What is needed is an exact copy of every entry below, minus the images.
** Opening Exercise data block **
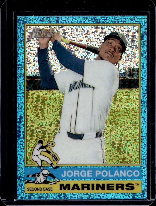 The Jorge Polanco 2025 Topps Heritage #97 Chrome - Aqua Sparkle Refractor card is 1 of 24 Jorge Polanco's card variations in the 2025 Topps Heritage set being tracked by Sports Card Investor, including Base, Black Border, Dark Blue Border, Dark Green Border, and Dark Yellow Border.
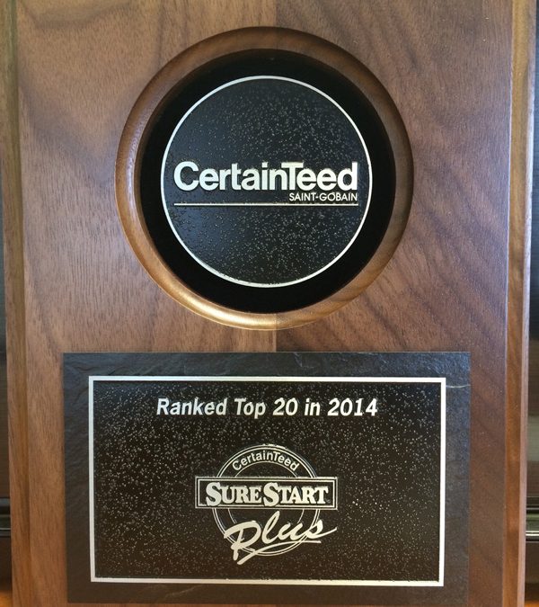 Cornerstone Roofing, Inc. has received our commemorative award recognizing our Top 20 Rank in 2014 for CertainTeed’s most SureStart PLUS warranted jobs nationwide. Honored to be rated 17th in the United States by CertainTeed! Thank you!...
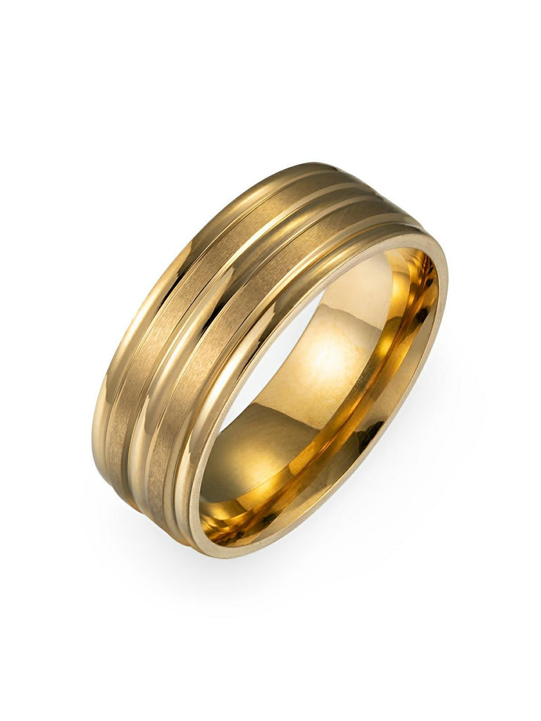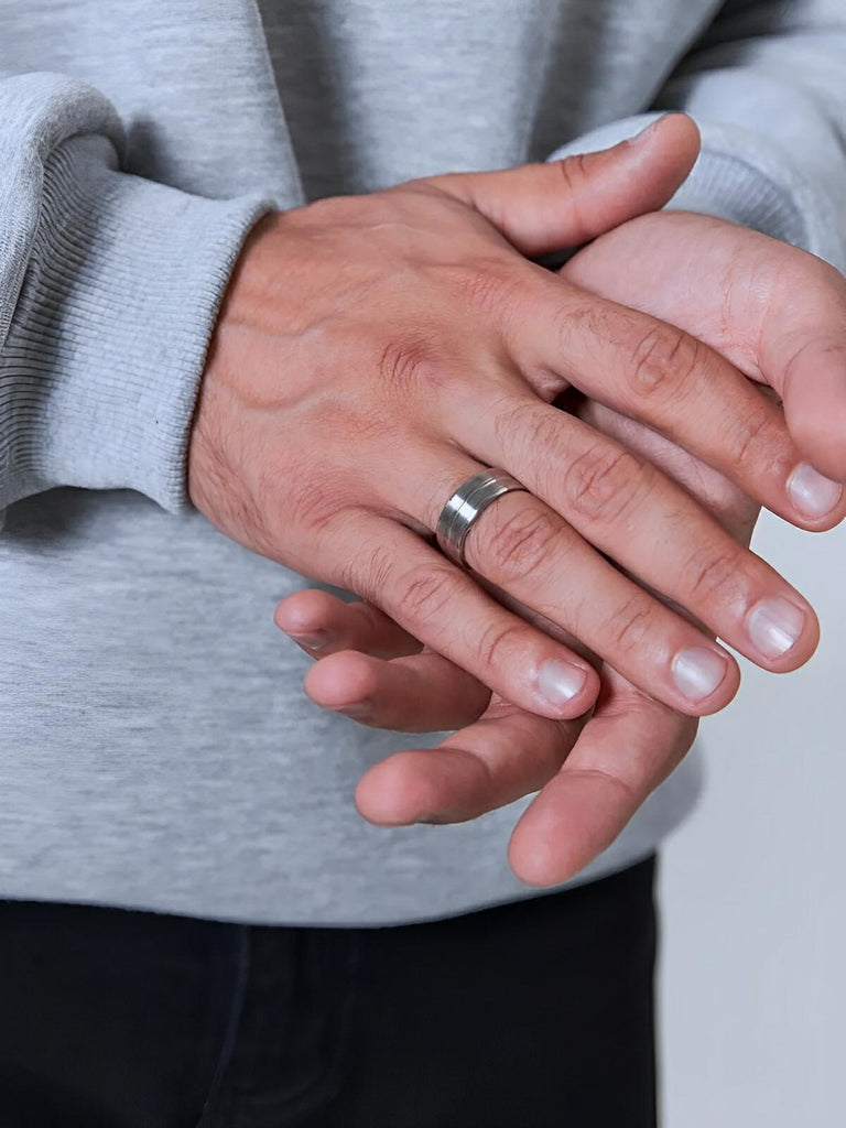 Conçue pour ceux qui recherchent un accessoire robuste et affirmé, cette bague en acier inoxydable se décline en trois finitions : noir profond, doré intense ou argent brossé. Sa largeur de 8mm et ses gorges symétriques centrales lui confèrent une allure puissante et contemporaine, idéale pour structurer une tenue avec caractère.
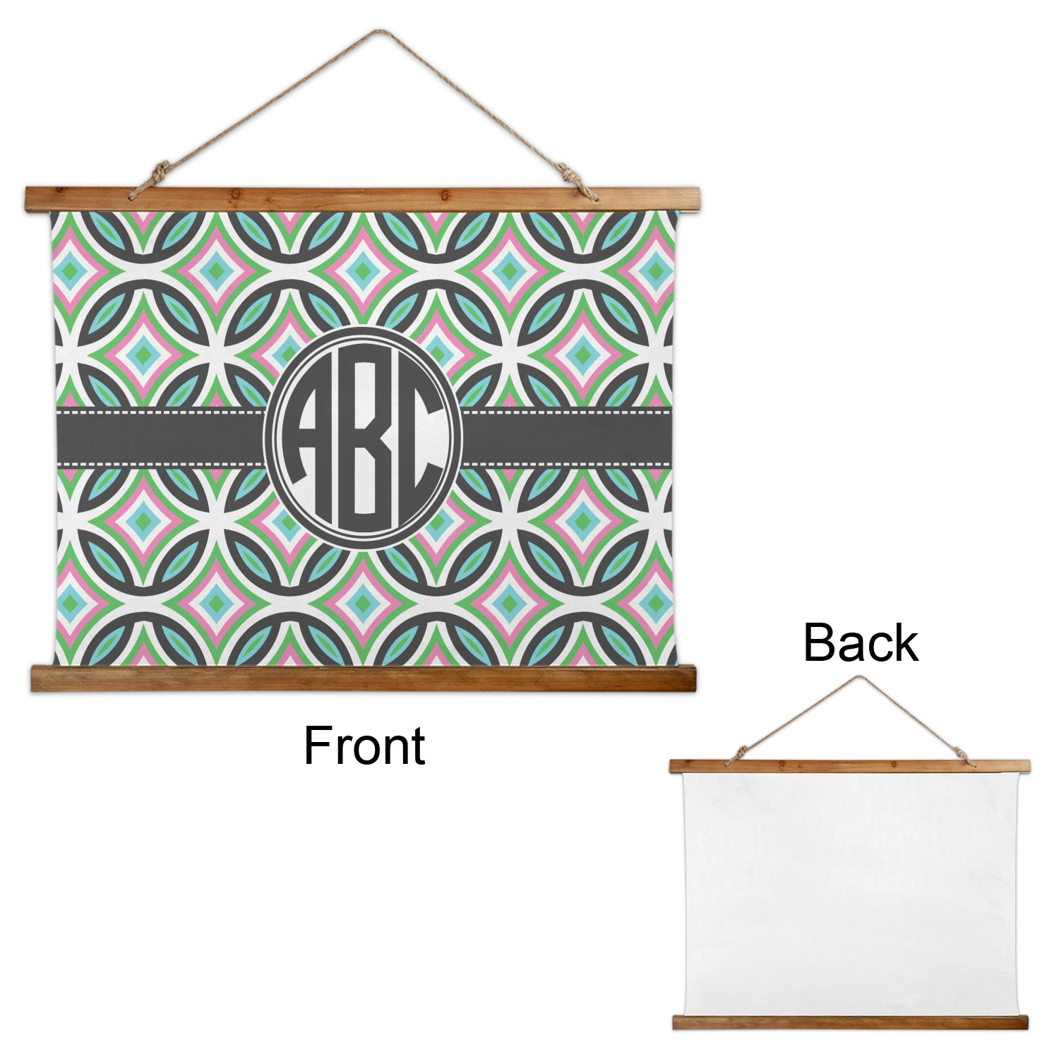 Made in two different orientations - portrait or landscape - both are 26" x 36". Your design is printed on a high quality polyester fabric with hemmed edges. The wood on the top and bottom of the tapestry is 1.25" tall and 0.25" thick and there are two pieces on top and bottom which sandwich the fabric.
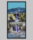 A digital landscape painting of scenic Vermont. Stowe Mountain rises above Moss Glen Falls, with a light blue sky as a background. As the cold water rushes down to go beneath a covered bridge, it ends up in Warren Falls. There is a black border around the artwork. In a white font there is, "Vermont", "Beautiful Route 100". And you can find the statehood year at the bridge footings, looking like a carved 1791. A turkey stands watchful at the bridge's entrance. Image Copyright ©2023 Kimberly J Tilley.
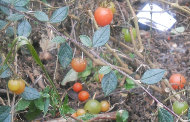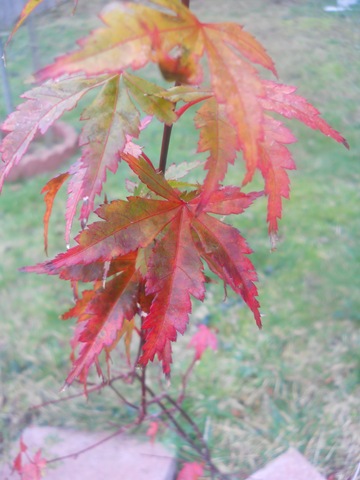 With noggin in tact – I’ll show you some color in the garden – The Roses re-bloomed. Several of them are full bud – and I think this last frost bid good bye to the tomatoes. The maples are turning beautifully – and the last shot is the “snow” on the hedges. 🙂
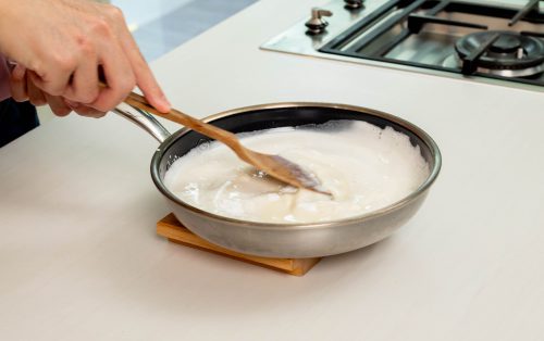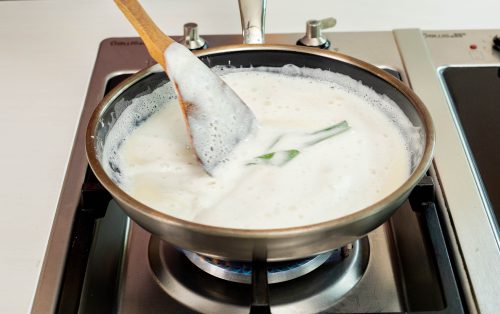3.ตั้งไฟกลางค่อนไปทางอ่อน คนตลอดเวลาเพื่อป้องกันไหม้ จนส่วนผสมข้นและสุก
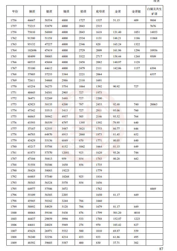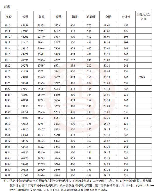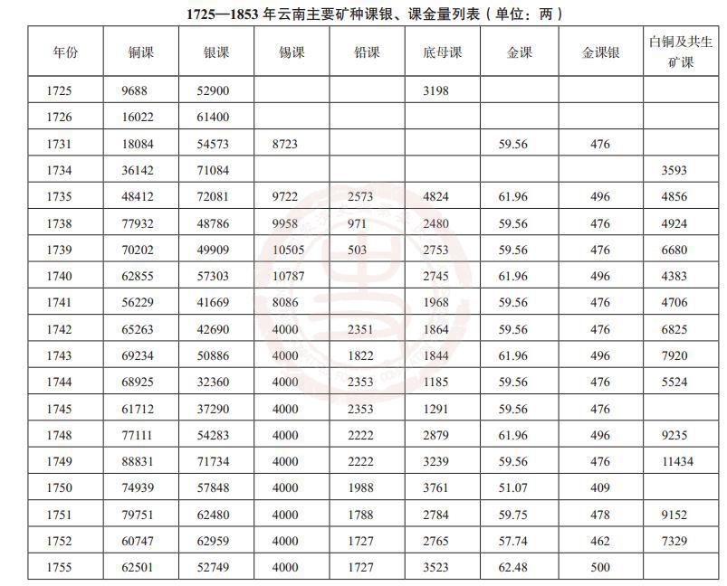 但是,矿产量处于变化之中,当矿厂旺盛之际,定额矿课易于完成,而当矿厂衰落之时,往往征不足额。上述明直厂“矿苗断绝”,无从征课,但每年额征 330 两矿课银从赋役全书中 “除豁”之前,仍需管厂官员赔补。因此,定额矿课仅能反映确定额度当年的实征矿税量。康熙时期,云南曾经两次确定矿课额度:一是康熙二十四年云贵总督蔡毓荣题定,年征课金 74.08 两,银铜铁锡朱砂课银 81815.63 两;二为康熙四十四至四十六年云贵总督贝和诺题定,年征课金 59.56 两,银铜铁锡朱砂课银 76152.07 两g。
** Closing Exercise data block **
## Completed exercise
 The Jorge Polanco 2025 Topps Heritage #97 Chrome - Aqua Sparkle Refractor card is 1 of 24 Jorge Polanco's card variations in the 2025 Topps Heritage set being tracked by Sports Card Investor, including Base, Black Border, Dark Blue Border, Dark Green Border, and Dark Yellow Border.
 Cornerstone Roofing, Inc. has received our commemorative award recognizing our Top 20 Rank in 2014 for CertainTeed’s most SureStart PLUS warranted jobs nationwide. Honored to be rated 17th in the United States by CertainTeed! Thank you!...
 Conçue pour ceux qui recherchent un accessoire robuste et affirmé, cette bague en acier inoxydable se décline en trois finitions : noir profond, doré intense ou argent brossé. Sa largeur de 8mm et ses gorges symétriques centrales lui confèrent une allure puissante et contemporaine, idéale pour structurer une tenue avec caractère.
 Made in two different orientations - portrait or landscape - both are 26" x 36". Your design is printed on a high quality polyester fabric with hemmed edges. The wood on the top and bottom of the tapestry is 1.25" tall and 0.25" thick and there are two pieces on top and bottom which sandwich the fabric.
 A digital landscape painting of scenic Vermont. Stowe Mountain rises above Moss Glen Falls, with a light blue sky as a background. As the cold water rushes down to go beneath a covered bridge, it ends up in Warren Falls. There is a black border around the artwork. In a white font there is, "Vermont", "Beautiful Route 100". And you can find the statehood year at the bridge footings, looking like a carved 1791. A turkey stands watchful at the bridge's entrance. Image Copyright ©2023 Kimberly J Tilley.
 With noggin in tact – I’ll show you some color in the garden – The Roses re-bloomed. Several of them are full bud – and I think this last frost bid good bye to the tomatoes. The maples are turning beautifully – and the last shot is the “snow” on the hedges. 🙂
3.ตั้งไฟกลางค่อนไปทางอ่อน คนตลอดเวลาเพื่อป้องกันไหม้ จนส่วนผสมข้นและสุก
 但是,矿产量处于变化之中,当矿厂旺盛之际,定额矿课易于完成,而当矿厂衰落之时,往往征不足额。上述明直厂“矿苗断绝”,无从征课,但每年额征 330 两矿课银从赋役全书中 “除豁”之前,仍需管厂官员赔补。因此,定额矿课仅能反映确定额度当年的实征矿税量。康熙时期,云南曾经两次确定矿课额度:一是康熙二十四年云贵总督蔡毓荣题定,年征课金 74.08 两,银铜铁锡朱砂课银 81815.63 两;二为康熙四十四至四十六年云贵总督贝和诺题定,年征课金 59.56 两,银铜铁锡朱砂课银 76152.07 两g。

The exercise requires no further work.